EXHIBIT 16.1


PricewaterhouseCoopers, LLP
Ten Almaden Boulevard, Suite 1600
San Jose, California  95113


August 12, 1998

Securities and Exchange Commission
450 Fifth Street, N.W.
Washington, D.C.  20549

Gentlemen:

We have read the statements made by Datalink Systems Corporation (copy
attached) which we understand were filed with the Commission, pursuant to Item
4 of Form 8-K/A, as part of the Company's Form 8-K/A report as of July 17,
1998.  Further to our letter to the Commission of July 27, 1998, we agree with
the statements concerning our Firm contained in such Form 8-K/A, except as set
forth below:

Paragraph 4 of the Company's response states:  "During the course of the
fiscal year ended March 31, 1997, PwC did not recommend the application of
EITF 88-18 to the treatment of such revenues for purposes of the Company's
financial disclosure in its quarterly SEC filings.  However, prior to filing
the Annual Report on Form 10-KSB for the fiscal year ended March 31, 1997 (the
"1997 10-KSB"), PwC introduced the EITF 88-18 treatment to said revenues." 
The Company filed on September 11, 1996 an amended 8-K/A, which included the
audited financial statements of DSC Datalink Systems Corporation, as of
December 31, 1995 and 1994 and for the years ended December 31, 1995 and 1994
and for the period from June 15, 1993 (date of inception) to December 31,
1995.  Note 9 to the aforementioned financial statements discloses the
applicability of EITF 88-18 to the sale of technology.  In addition, the
applicability of EITF 88-18 was discussed in detail with senior management of
the Company in August 1996.

Paragraph 7 of the Company's response states: "With the intention of
researching the EITF 88-18 treatment, the Company consulted with two
accounting consultants regarding clarification of the foregoing issue;
however, the Company did not, and disclaims any suggestion that it did, seek
the opinion of any accountant other than PwC."  Senior management of the
Company had advised PwC that the Company had sought the advice of several
accounting firms, including an accounting firm that provides tax consulting to
the Company, and an economic consulting firm.

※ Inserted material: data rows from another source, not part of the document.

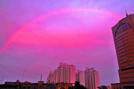 19時28分開始,彩虹的右下弧段最先形成,然后左下弧段相繼出現,最后弧頂部分連接左右兩端,形成一個完整的大彩虹,高高懸掛在新鄉市區東南方位的上空。彩虹外紅內紫,色彩鮮艷。
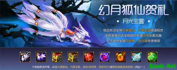 梦三大陆中有许多神秘的坐骑,不过要问哪一个梦梦最想见一面的,非狐仙当属。作为西凉之地和江东之地最神秘之物,家逢六尾玉面者三生之幸也,而得九尾狐仙相伴着,舍天下英雄其谁?在本次的月光宝盒更新中,新增了暗金坐骑—九尾狐仙,金色坐骑—六尾玉面,淬神系列武器重新回归金色宝箱(第五期)。 当然,与此同时,如果已经拥有三尾乘黄的小伙伴,我们也开放了合成通道,可以选择通过合成获得六尾玉面和九尾狐仙哦~ 【淬神系列武器回归 金色装备自选】 淬神系列武器曾经在月光宝盒中出现过,不过后来在第三期中下架,很多小伙伴对此念念不忘,每天问梦梦什么时候淬神系列武器能够回归。 而在第五期金色装备自选中,淬神系列武器回归了!其中包括淬神*金光麟、淬神*金光杖、淬神*金光石、淬神*金光闪和淬神*金光对扇,四圣兽五行翼则依旧存在于本期金色宝箱中。
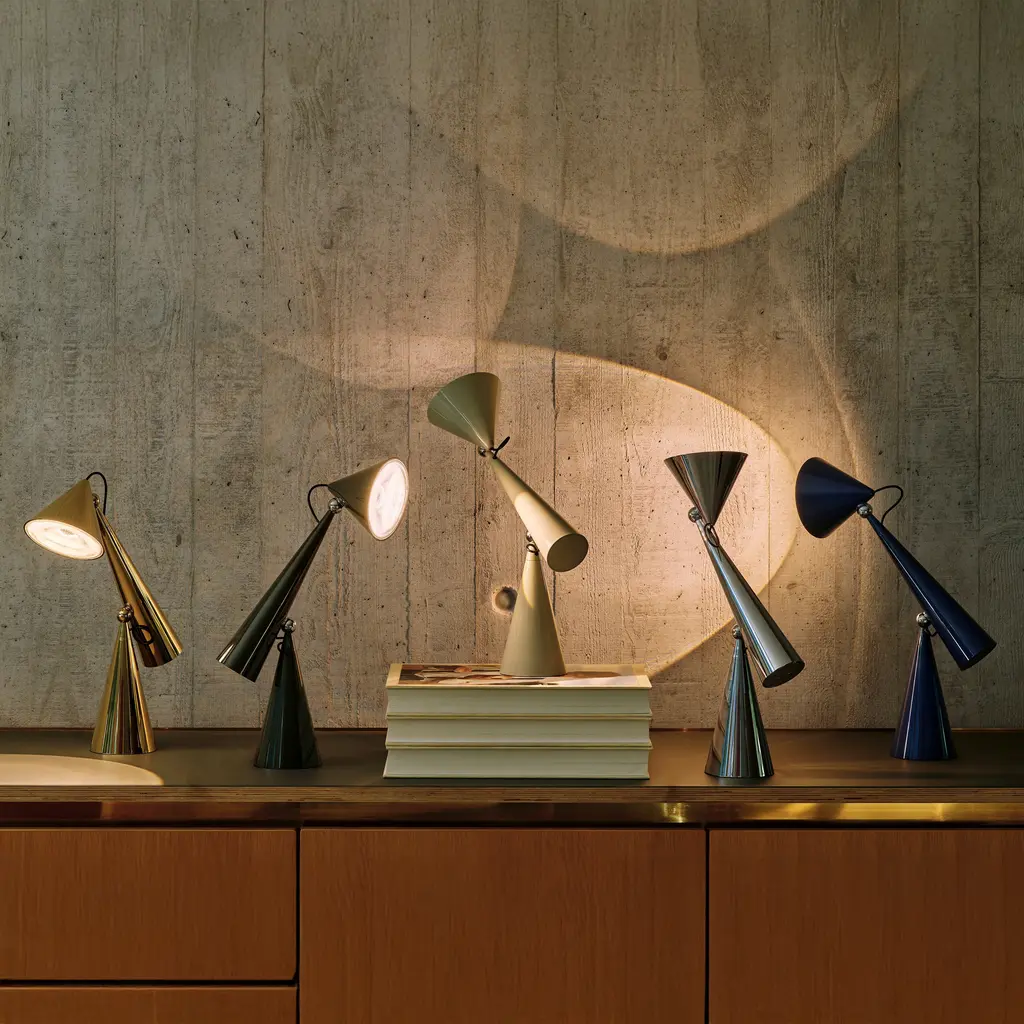 The Pose Task Light by Tom Dixon employs Fresnel lens technology, inspired by lighthouses, to produce a focused, magnified beam ideal for detailed tasks. Its conical design, available in Gold, Silver, Indigo, Putty, and Kelp, adds a distinctive touch to any workspace.

Paragraph 11 of the Company's response states: "COMPANY RESOLUTION:  The
Company was late in filing the 1997 10-KSB.  This was in large part due to
requirements made by PwC during July 1997 to make last minute adjustments to
the 10-KSB as required by the unexpected application of EITF 88-18.  PwC
delivered its original, manually executed report on the Company's financial
statements for the year ended March 31, 1997 under a cover letter dated August
12, 1997.  This is the same date of PwC's consent to refer to and include its
report in the 1997 10-KSB.  The 1997 10-KSB was subsequently filed on August
12, 1997.  The last minute adjustments required for the 1997 10-KSB also
applied to the report for the quarter ended June 30, 1997 and caused this
report to be filed one date late.  The Company has since filed all reports
required to be filed by it pursuant to the Exchange Act on a timely basis." 
The delay in the Company's filing of the 1997 10-KSB was the result of the
Company's inability to reconcile certain common stock and stock option
activity on a timely basis and the Company's continued resistance with respect
to the previously reported disagreements.

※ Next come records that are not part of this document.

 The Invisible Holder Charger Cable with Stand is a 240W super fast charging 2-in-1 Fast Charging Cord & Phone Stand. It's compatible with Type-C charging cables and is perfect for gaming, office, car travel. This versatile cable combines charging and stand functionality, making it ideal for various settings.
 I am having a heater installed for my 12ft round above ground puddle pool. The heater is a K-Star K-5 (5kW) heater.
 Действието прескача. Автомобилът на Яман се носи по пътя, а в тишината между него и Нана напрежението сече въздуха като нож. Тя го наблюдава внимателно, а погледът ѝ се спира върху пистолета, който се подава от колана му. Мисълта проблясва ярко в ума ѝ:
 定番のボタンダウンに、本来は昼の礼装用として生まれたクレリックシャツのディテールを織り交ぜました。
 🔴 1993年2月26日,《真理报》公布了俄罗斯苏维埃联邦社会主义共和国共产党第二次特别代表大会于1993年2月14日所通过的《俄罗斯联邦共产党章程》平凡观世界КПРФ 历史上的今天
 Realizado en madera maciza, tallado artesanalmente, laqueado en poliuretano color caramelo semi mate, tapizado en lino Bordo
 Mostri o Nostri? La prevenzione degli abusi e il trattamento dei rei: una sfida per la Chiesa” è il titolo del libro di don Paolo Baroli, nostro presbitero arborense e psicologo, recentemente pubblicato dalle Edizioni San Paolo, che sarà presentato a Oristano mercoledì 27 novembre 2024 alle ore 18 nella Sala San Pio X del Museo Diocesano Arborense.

Paragraph 13 of the Company's response states: "COMPANY RESOLUTION: All
adjustments related to the sale of technology were made as a result of the
implementation of EITF 88-18.  Adjustments to accounts payable, accrued
liabilities, and common stock transactions were required due to Company
practices occurring prior to the Company becoming publicly held.  After the
Company became public, all required adjustments were completed.  PwC has since
audited and issued its report on the Company's financial statements for the
fiscal year ended March 31, 1998."  The Company practices in question also
dealt with transactions subsequent to the Company becoming publicly held.

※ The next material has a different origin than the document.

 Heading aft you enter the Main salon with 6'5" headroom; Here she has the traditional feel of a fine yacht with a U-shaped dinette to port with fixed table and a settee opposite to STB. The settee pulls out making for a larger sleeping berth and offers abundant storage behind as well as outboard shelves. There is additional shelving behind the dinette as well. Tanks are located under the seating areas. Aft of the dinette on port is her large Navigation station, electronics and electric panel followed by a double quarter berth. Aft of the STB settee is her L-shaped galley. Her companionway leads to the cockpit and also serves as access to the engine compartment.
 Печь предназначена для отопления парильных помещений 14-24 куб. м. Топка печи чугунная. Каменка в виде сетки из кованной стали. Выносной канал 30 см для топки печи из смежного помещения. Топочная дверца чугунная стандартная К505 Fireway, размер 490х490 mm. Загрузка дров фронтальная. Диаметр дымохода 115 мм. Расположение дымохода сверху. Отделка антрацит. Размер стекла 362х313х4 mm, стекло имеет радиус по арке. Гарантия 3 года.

Paragraph 15 of the Company's response states:  "COMPANY RESOLUTION:  The
claimed inadequacy of records maintained by the Company related to certain
prior common stock transactions were considered to be the result of past
practices prior to the date the Company became a public company."  Company
agreed that the proposed audit adjustments related to common stock
transactions were appropriate and proper.  The Company practices in question
also dealt with transactions subsequent to the Company becoming publicly held.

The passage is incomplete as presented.